VATICAN CITY (CNS): Adolf Hitler personally ordered one of his senior Nazi officers to arrange the kidnapping of Pope Pius XII toward the end of World War II, according to new information cited by an Italian newspaper.
Instead of carrying out Hitler’s order, the officer met secretly with the pope in May 1944 to warn him of the plot.
A month later, the Nazis were fleeing Rome, and Hitler’s plan could not be carried out.
The reconstruction of the kidnapping scenario was published on January 15 by the Italian Catholic newspaper Avvenire, based on testimony taken by Church experts examining a possible declaration of sainthood for Pope Pius.
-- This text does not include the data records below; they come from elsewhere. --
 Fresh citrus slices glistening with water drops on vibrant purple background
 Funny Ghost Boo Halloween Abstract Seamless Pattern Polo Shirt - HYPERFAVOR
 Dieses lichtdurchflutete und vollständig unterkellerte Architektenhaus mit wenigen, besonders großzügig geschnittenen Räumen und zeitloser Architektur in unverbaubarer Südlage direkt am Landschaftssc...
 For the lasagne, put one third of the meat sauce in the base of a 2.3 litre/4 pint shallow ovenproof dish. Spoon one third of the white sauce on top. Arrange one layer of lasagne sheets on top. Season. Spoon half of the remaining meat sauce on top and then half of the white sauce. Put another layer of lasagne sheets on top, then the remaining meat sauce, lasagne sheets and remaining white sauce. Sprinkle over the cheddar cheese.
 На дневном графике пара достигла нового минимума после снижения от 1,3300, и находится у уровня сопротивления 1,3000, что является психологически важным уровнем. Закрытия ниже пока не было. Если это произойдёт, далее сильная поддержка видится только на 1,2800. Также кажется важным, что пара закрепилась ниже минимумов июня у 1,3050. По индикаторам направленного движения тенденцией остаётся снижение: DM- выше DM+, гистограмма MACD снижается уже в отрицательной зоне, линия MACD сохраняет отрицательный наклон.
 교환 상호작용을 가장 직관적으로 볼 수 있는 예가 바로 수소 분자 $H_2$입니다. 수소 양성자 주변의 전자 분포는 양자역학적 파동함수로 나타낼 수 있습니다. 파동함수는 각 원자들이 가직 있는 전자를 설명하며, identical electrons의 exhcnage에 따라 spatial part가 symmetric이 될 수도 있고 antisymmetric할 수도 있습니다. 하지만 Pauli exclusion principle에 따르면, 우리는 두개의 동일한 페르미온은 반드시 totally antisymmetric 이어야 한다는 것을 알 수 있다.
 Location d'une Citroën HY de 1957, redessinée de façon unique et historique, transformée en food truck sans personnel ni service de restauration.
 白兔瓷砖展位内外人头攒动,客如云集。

Purported plans by the Nazis to abduct or arrest Pope Pius and take him out of Italy first came to light in the Nuremberg trials after World War II, but details have been sketchy.
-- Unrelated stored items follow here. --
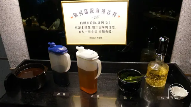 詹記的沾醬不多,從左到右分別是沙茶醬、醬油、香油、蒜花、白醋這五種而已,應該是對自已的麻辣鍋很有信心才會這麼少種,E說是這樣的嗎,我說要相信專業,我就拿點蒜花加白醋。
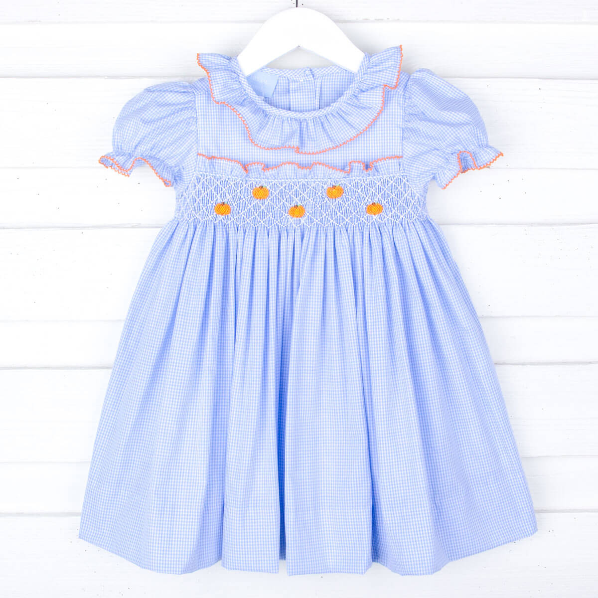 Harvest Pumpkin Light Blue Gingham Smocked Ruffle Collar Dress
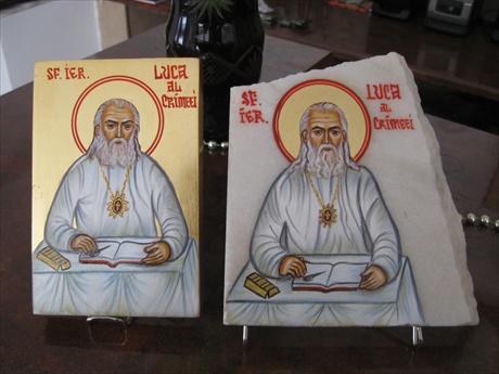 - Sf. LUCA Doctorul - MODEL 1. - Mărimea icoana stânga pe lemn 9/14 cm = ... lei - Mărimea icoană dreapta pe marmură 14,5/16 cm = ... lei...
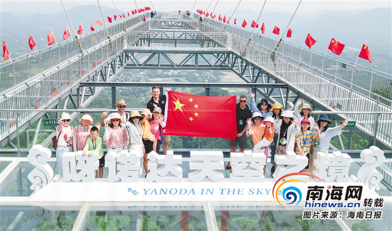 游客在海南呀諾達雨林文化旅游區的玻璃觀景平臺上感受熱帶雨林美景。
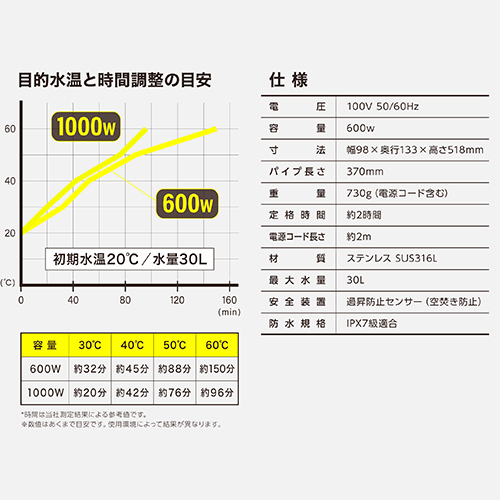 ●最低水位:10cm/最高水位:34cm。 ●最大水量:30L。 ●電源コード:2m(アース線あり)。 ●温度過昇防止装置(空焚き防止)付き。 ●PSEマーク認証。 |

According to Avvenire, Church experts in Germany looking into the canonisation cause of the wartime pope received sworn testimony on March 24, 1972 from General Karl Friedrich Otto Wolff, head of the Waffen SS, or Nazi elite guard, in Italy.
“I received a personal order from Hitler to kidnap Pope Pius XII,” General Wolff told the Church investigators.
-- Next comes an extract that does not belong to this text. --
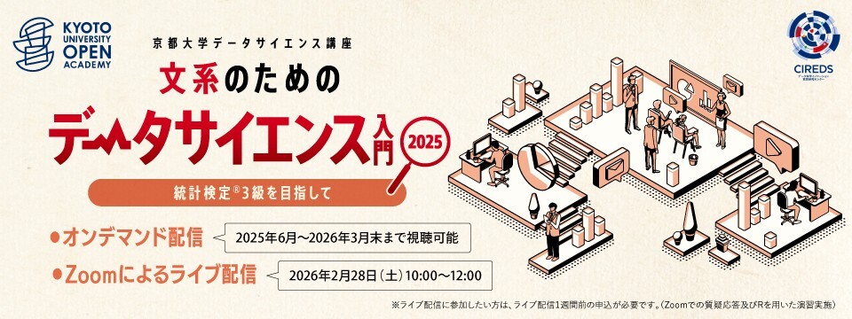 京都大学は、2022年(令和 4年)に文部科学省から、「数理・データサイエンス・ AI教育の全国展開の推進」拠点大学の一つに選定され、データ科学の教育とそれに必要な調査研究等を行ってきました。

Upon returning to Rome, General Wolff arranged to meet with the pope. After entering the Vatican clandestinely in civilian clothes, General Wolff told the pontiff of Hitler’s order and said he would never carry it out, but he warned the pope to be on guard.
Jesuit Father Peter Gumpel, who is working on the sainthood cause of Pope Pius, told Catholic News Service that General Wolff’s account coincides with other evidence that has emerged about Hitler’s mistrust of the pope and his hatred of the Church.